Cet engagement s’est d’ailleurs traduit dans un ouvrage réalisé sous sa direction : « Faire art comme on fait société »*, qui met en perspective les relations entre création, culture et société et explore la façon dont les œuvres peuvent changer la société. Avec une approche résolument pluridisciplinaire, comme Bruno Latour l’a toujours prônée.

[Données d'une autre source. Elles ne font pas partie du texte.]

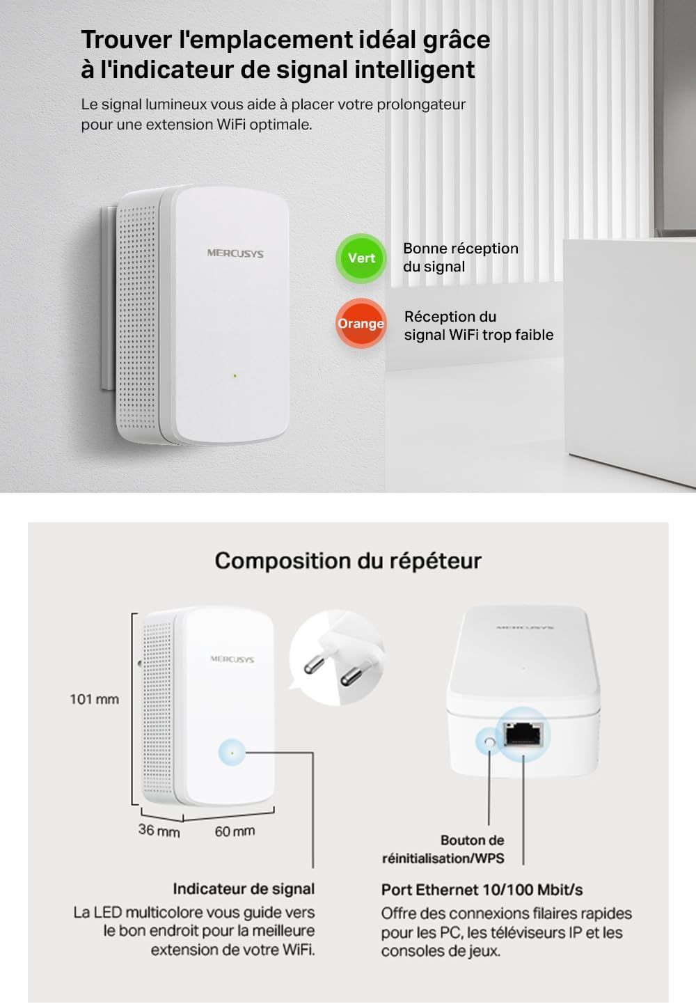 MERCUSYS ME10 N300Mbps WiFi Extender Booster, Easy One-Touch Setup, Internet Booster, port Ethernet, point d'accès, répéteur WiFi, extension WiFi TP-Link, contrôle de l'application facile

Toujours en veille et en questionnements, Bruno Latour avait cette conviction chevillée au corps qui est la raison d’être de la Fondation de France : le rôle de la société civile est essentiel pour changer le monde dans lequel nous vivons. Il disait : « Pour qu’un Etat agisse, il faut que les citoyens soient derrière. Les solutions doivent d’abord être portées par la société civile. Dans le registre sanitaire, la société civile a transféré ses compétences à l’administration depuis longtemps. Mais dans des domaines comme l’écologie, l’Etat est davantage considéré comme un obstacle. C’est la société civile qui peut imaginer une alternative écologique à nos sociétés industrielles, qui peut construire une représentation commune de la mutation nécessaire. Les sociétés ont des capacités de changement et d’adaptation qu’on ne soupçonnait pas ».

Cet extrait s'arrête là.